Страстью обоих дурачков, как и нашею, были грачи, потому-то я и надеялся увидеть их в грачельнике. И действительно увидел, и очень обрадовался им, потому что лазить по деревьям в одиночестве не очень-то весело. Увидал Микарая и Паню на вершинах двух ветел, росших по соседству, очевидно, сестер, поскольку они имели единый комель у подножия.

– Микарай, есть там что-нибудь? – первым долгом прокричал я.

– Есть, есть! В кажным гнезде! – ответил он радостно. Паня, поскольку был глухонемым, орудовал молча.

Через минуту я уже и сам по-кошачьи карабкался на дерево. С вершин ветел перекликались с Микараем, осведомляясь, в каком гнезде и сколько отложено грачиных яиц. К полудню насчитали до двух сотен, и, удовлетворившись таким результатом, отправились в село. По пути встретили еще одного любопытного жителя. То был дед, по прозвищу Ничей. Кличку эту он получил тоже в раннем детстве, когда на вопрос кого-то из взрослых: «Чей ты, малец, будешь?» – ответил: «Ничей!» С того и пошло: Ничей и Ничей. Я поздоровался с ним приветливо, потому что все мы, ребятишки, очень любили дедушку Ничея за его бескорыстие и совершенную незлобивость. Прихватив кого-нибудь из нас в своем саду или в огороде, он не пускал в дело крапиву, не сек ею наши голые зады, а пособлял нам даже набить пазухи огурцами либо яблоками, заключив при этом: «Лопайте на здоровье, шкоденята!» Взрослое население Монастырского посмеивалось над Ничеем, считало и его блаженным и, сжалившись, иной раз советовало: «Да что ты на них глядишь! Высек бы за милую душу! Ить они, проклятые, все у тебя поста-щут!» Дед Ничей только усмехался на это и говорил: «Пущай тащут, лишь бы не воровали!» Странная эта формула была на его устах постоянной, а потому ее и повторяли озорные мужики, когда нужно было утешить кого-либо из обкраденных.
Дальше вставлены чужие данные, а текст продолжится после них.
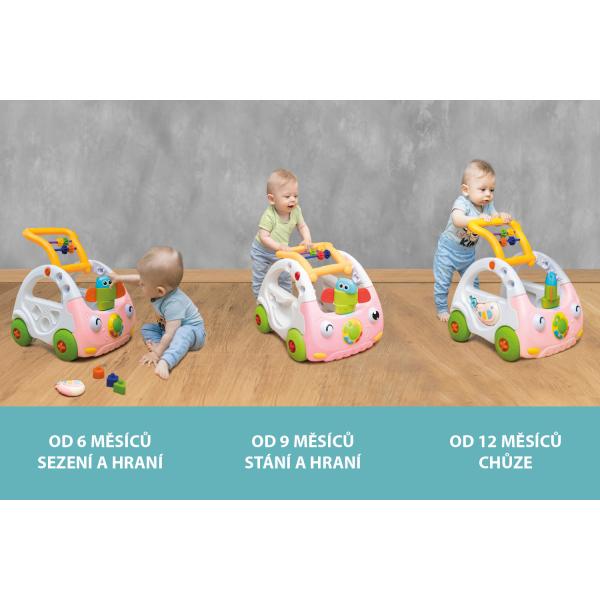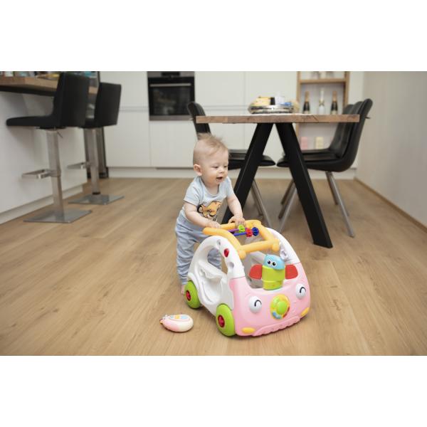 Roztomilé chodítko ve tvaru autíčka bezpečně provede dítě prvními krůčky. Od 6 měsíců slouží jako interaktivní hračka. Na boku chodítka jsou umístěny aktivity kostky, které rozvíjejí motoriku a fantazii. Dále je chodítko vybaveno skládačkou či počítadlem. Součástí je také interaktivní klíč s tlačítky, díky nimž autíčko vydává zvuky a světelné efekty.
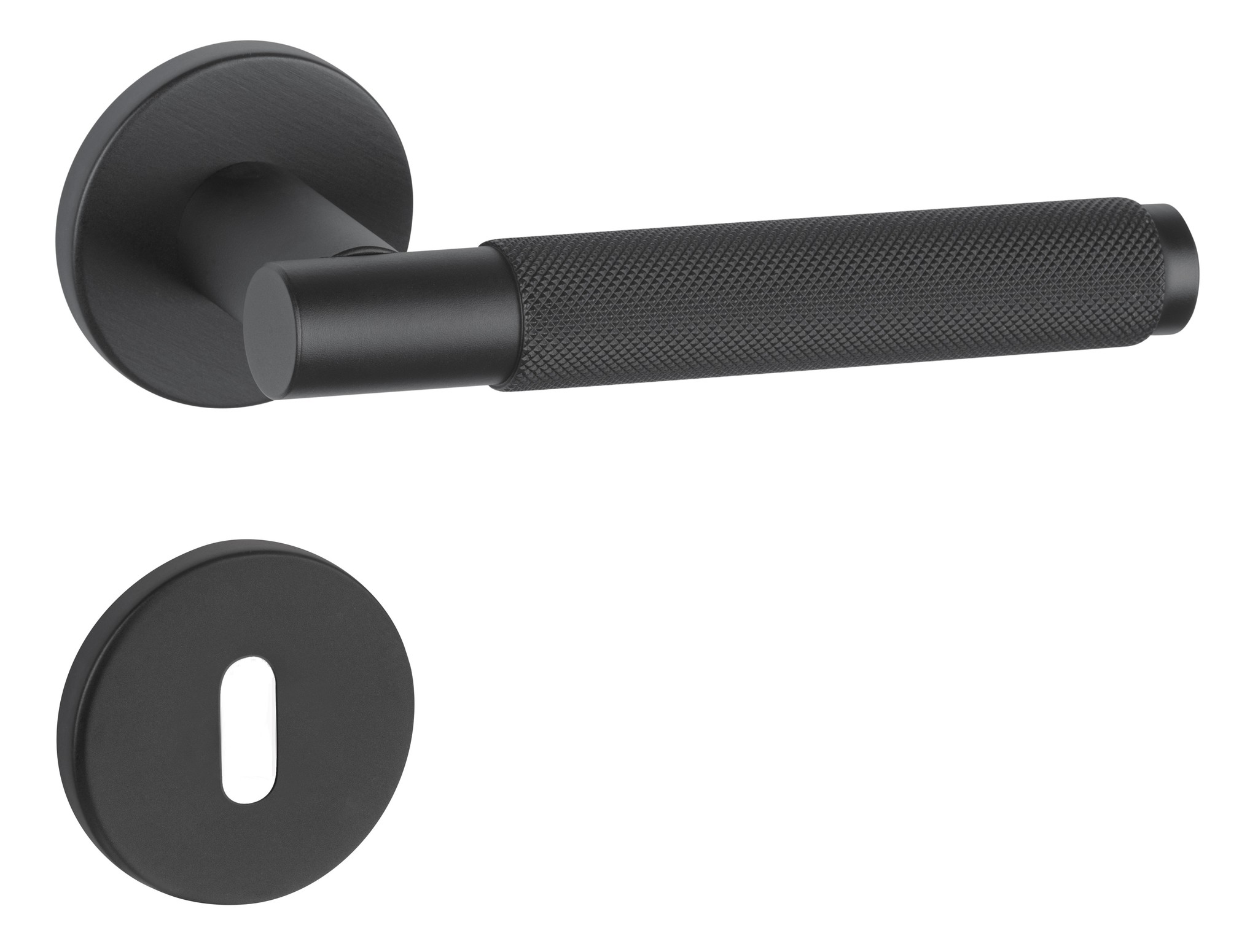 Die Türgriffe sind in 3 Varianten erhältlich: mit Schlüsselschild, mit Zylinderschild oder mit WC-Beschlag. Treffen Sie Ihre Wahl im Scrollmenü oben rechts.

На мое приветствие дед Ничей дотронулся до кроличьего малахая, носимого им во все времена года, но не улыбнулся, как обыкновенно, а произнес осуждающе:

– А когда же вы, паршивцы, перестанете драться, а? Нехорошо это. Слышь, хохленок? Не-хо-ро-шо!

И пошел дальше, насупившись. Микарай и Паня молчали. Молчал и я, встревоженный чем-то неясным, но тяжко давящим на сердце. В ушах еще долго звучало это расставленное по слогам «не-хо-ро-шо».

12

Слова деда Ничея я смог оценить в полной мере, едва ступив в самое село. Из крайнего к Малым лугам двора вышла мне навстречу старая Калиниха, будто давно выглядывала меня тут. Не раздумывая долго, оглушила, точно кувалдой, новостью:

– Все за грачами гоняешься, рассукин ты сын?.. А дядю твово Петруху Гришка Жучкин до смерти прибил!.. Эх, вы-и-и! – провыла по-волчьи и, видимо, посчитав свой долг исполненным, сердитою глыбой уплыла туда, откуда только что выползла.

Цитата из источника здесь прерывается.